YOUR INSTRUCTIONS: Would you please return all of the entries below exactly as shown?
•••••
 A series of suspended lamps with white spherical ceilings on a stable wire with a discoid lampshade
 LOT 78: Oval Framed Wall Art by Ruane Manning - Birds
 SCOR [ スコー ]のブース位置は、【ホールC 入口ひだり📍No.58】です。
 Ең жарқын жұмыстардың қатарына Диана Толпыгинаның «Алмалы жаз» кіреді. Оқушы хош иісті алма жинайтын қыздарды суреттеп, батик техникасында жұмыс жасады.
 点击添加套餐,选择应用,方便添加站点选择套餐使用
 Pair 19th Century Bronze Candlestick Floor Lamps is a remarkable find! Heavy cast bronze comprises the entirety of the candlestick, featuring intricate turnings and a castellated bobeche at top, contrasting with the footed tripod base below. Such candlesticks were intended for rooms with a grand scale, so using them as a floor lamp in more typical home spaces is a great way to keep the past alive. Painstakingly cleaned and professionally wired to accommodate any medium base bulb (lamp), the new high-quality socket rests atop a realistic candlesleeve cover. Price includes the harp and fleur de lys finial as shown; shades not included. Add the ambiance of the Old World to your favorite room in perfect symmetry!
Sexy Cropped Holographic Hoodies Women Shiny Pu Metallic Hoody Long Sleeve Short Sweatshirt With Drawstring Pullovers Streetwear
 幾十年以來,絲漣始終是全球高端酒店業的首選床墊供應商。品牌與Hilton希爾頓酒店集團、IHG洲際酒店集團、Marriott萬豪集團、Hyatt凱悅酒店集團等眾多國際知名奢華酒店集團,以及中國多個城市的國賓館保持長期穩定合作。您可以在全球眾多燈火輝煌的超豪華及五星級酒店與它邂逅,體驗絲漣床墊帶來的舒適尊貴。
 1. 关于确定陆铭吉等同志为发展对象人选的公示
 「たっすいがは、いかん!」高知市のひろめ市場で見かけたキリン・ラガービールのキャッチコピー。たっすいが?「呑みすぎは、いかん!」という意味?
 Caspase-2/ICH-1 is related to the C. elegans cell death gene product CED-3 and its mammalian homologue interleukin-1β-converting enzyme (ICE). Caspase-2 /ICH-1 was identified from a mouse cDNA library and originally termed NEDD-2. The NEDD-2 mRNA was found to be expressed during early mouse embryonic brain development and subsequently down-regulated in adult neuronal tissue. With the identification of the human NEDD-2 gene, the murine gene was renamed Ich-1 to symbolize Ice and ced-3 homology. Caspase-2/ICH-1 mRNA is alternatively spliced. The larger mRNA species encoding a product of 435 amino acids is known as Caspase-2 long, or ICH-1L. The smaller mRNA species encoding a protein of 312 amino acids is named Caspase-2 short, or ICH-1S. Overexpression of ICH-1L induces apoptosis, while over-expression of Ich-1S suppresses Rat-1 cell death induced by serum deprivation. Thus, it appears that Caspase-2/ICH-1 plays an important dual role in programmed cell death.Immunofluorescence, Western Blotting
•••••
SOLUTION:
 A series of suspended lamps with white spherical ceilings on a stable wire with a discoid lampshade
 LOT 78: Oval Framed Wall Art by Ruane Manning - Birds
 SCOR [ スコー ]のブース位置は、【ホールC 入口ひだり📍No.58】です。
 Ең жарқын жұмыстардың қатарына Диана Толпыгинаның «Алмалы жаз» кіреді. Оқушы хош иісті алма жинайтын қыздарды суреттеп, батик техникасында жұмыс жасады.
 点击添加套餐,选择应用,方便添加站点选择套餐使用
 Pair 19th Century Bronze Candlestick Floor Lamps is a remarkable find! Heavy cast bronze comprises the entirety of the candlestick, featuring intricate turnings and a castellated bobeche at top, contrasting with the footed tripod base below. Such candlesticks were intended for rooms with a grand scale, so using them as a floor lamp in more typical home spaces is a great way to keep the past alive. Painstakingly cleaned and professionally wired to accommodate any medium base bulb (lamp), the new high-quality socket rests atop a realistic candlesleeve cover. Price includes the harp and fleur de lys finial as shown; shades not included. Add the ambiance of the Old World to your favorite room in perfect symmetry!
Sexy Cropped Holographic Hoodies Women Shiny Pu Metallic Hoody Long Sleeve Short Sweatshirt With Drawstring Pullovers Streetwear
 幾十年以來,絲漣始終是全球高端酒店業的首選床墊供應商。品牌與Hilton希爾頓酒店集團、IHG洲際酒店集團、Marriott萬豪集團、Hyatt凱悅酒店集團等眾多國際知名奢華酒店集團,以及中國多個城市的國賓館保持長期穩定合作。您可以在全球眾多燈火輝煌的超豪華及五星級酒店與它邂逅,體驗絲漣床墊帶來的舒適尊貴。
 1. 关于确定陆铭吉等同志为发展对象人选的公示
 「たっすいがは、いかん!」高知市のひろめ市場で見かけたキリン・ラガービールのキャッチコピー。たっすいが?「呑みすぎは、いかん!」という意味?
 Caspase-2/ICH-1 is related to the C. elegans cell death gene product CED-3 and its mammalian homologue interleukin-1β-converting enzyme (ICE). Caspase-2 /ICH-1 was identified from a mouse cDNA library and originally termed NEDD-2. The NEDD-2 mRNA was found to be expressed during early mouse embryonic brain development and subsequently down-regulated in adult neuronal tissue. With the identification of the human NEDD-2 gene, the murine gene was renamed Ich-1 to symbolize Ice and ced-3 homology. Caspase-2/ICH-1 mRNA is alternatively spliced. The larger mRNA species encoding a product of 435 amino acids is known as Caspase-2 long, or ICH-1L. The smaller mRNA species encoding a protein of 312 amino acids is named Caspase-2 short, or ICH-1S. Overexpression of ICH-1L induces apoptosis, while over-expression of Ich-1S suppresses Rat-1 cell death induced by serum deprivation. Thus, it appears that Caspase-2/ICH-1 plays an important dual role in programmed cell death.Immunofluorescence, Western Blotting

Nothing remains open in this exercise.